This writeup is for the reversing challenge “Moon” we solved during 2017 Google CTF Quals. This writeup and 3 others were also submitted to the Google CTF Writeup Competition.

Dealing with GLEW

A big problem we noticed early on was the use of GL3W, which generates code to lazily load all OpenGL functions at runtime—at all places where an OpenGL function was used we would simply see a call to some offset in the data section. Unfortunately we couldn’t find a script to re-symbolize function calls, but we plan to make one soon-ish :)

We can see the huge routine which calls LoadLibrary on every OpenGL function, at sub_4032c0.

GLEW lazy loading functions

Instead of symbolizing (by hand) all of the symbols, we only bothered to load ones which had valid XREFs to them, saving a bit of time.

Running the Program

Unfortunately all the RPI-sold computers from our year are not yet reported to support OpenGL 4.3, so first and foremost we had to patch the OpenGL verification check from 4.3 to 4.2. Surprisingly, this “just worked” despite the code making use of Compute Shaders which I had thought to be introduced in OpenGL 4.3.
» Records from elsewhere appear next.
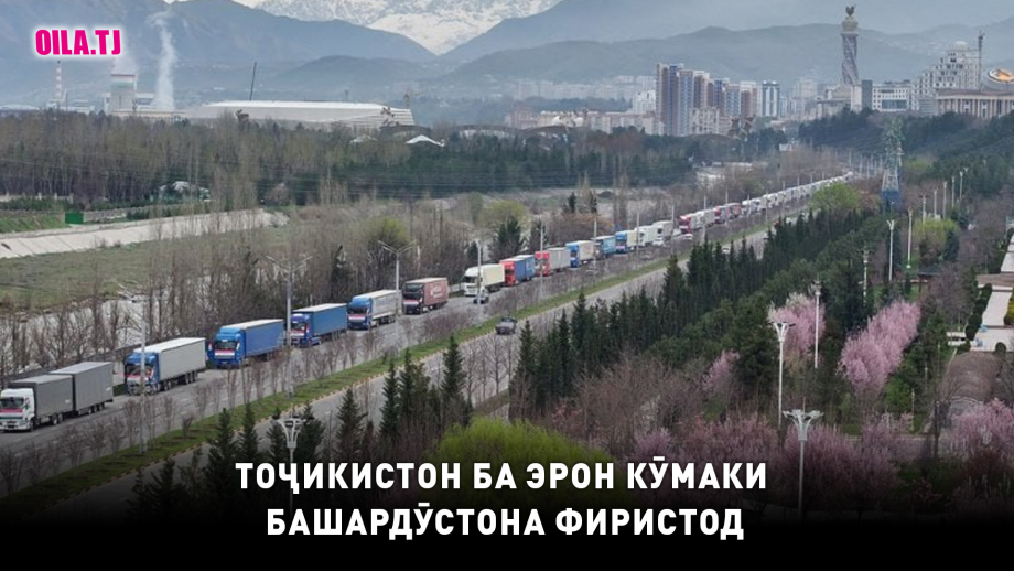 Корвони ёрии башардӯстонаи Тоҷикистон бо 110 мошини пурбор рӯзи 18 март ба ҷониби Ҷумҳурии Исломии Эрон раҳсипор гардид. Ёрии башардӯстонаи Тоҷикистон дар ҳаҷми 3610 тонна бор, аз ҷумла аз 45 тонна доруворӣ, маводи зиёди санитарию беҳдоштӣ, сару либоси кӯдакона, анвои гуногуни хӯрокворӣ, ашёи рӯзгор, рахти хоб, хаймаҳо, масолеҳи сохтмонӣ ва дигар лавозимот иборат мебошад.
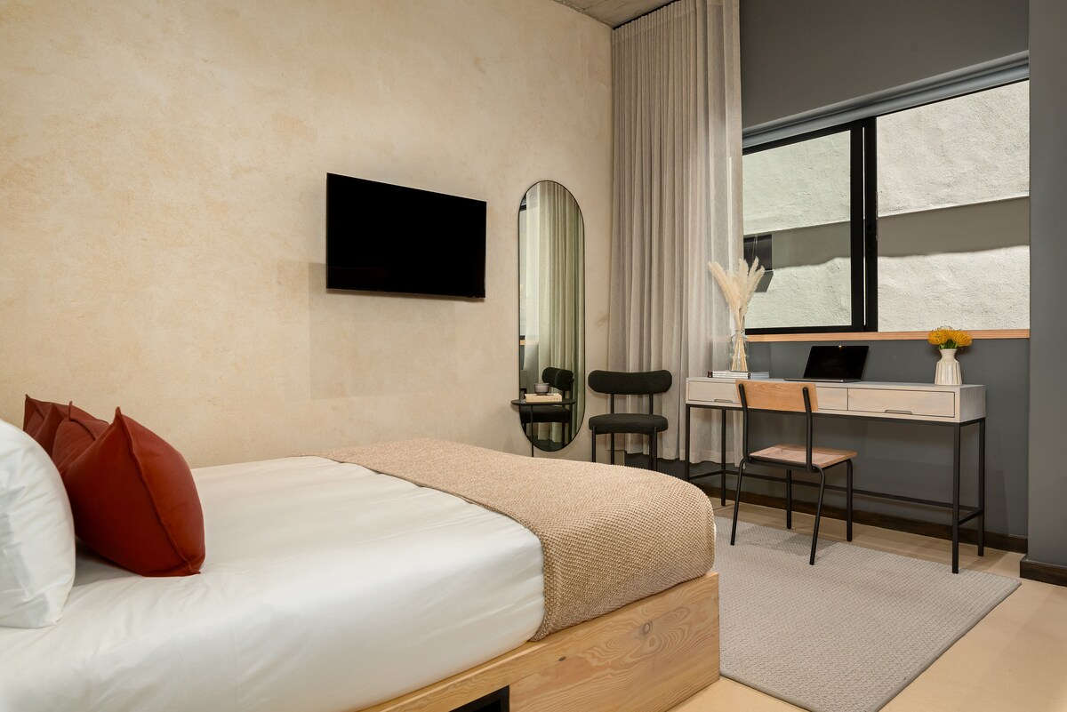 Upplifðu kyrrlátan lúxus Cape 8 Collection gistingar. Þessi íbúð er staðsett í hinu táknræna gamla Höfðahverfi og er friðsælt afdrep í hjarta De Waterkant. Hann er hannaður með úrvalsáferð, myrkvunargardínum og tvöföldu gleri og hér er rólegur staður til að slappa af eftir að hafa skoðað borgina. Njóttu öryggisgæslu allan sólarhringinn, öruggs bílastæðis og útsýnis yfir Tafelfjallið. Hvort sem þú ert hér til að slaka á, elda eða vinna er eignin fullbúin fyrir alla þrjá.
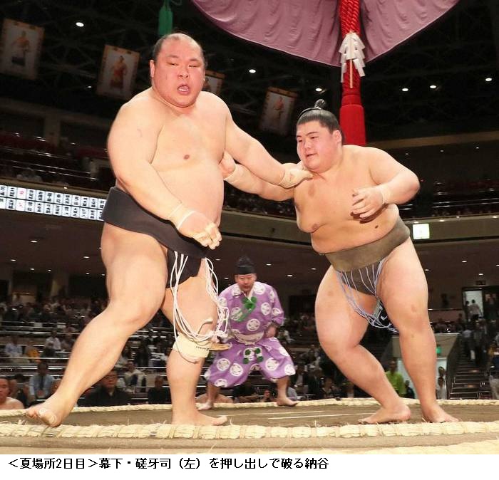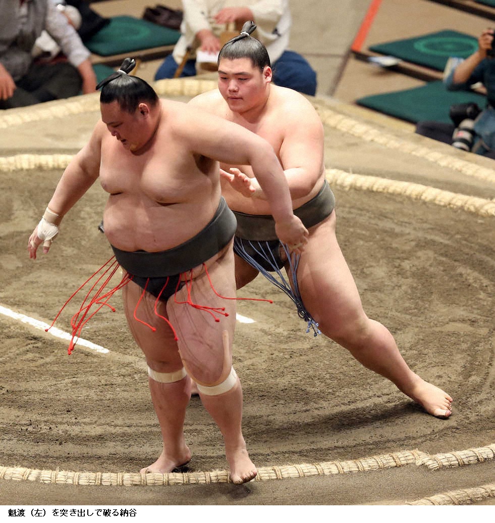 納谷、全勝対決制し勝ち越し!復帰・貴景勝に「気持ちの作り方学びたい」 ―― 元横綱・大鵬の孫、東幕下22枚目の納谷(19=大嶽部屋)が西幕下9枚目の魁渡(22=浅香山部屋)との全勝対決を突き出しで制し、4勝0敗で勝ち越しを決めた。遅れ気味に立ったが、長いリーチを生かして突っ張って攻め、最後は相手を反転させて土俵外へ出す完勝だった。「立ち合いと土俵際が勝負だと思った。腰が高かったけれど、流れはよかった」と冷静な口ぶりで振り返った。

The program simply opens up a window, and asks for a password. After we’ve entered 32 characters, the program either responds “good” (presumably), or “Nope”.

Running the program

When we XREF the string Nope, we see that it is used when constructing the texture to be printed for this SDL event loop iteration. Not too far from “Nope” do we find “Good”, and we notice that “Good” is only selected if a particular global variable is set. We trace this back to the following code in main:

We want should_compute here …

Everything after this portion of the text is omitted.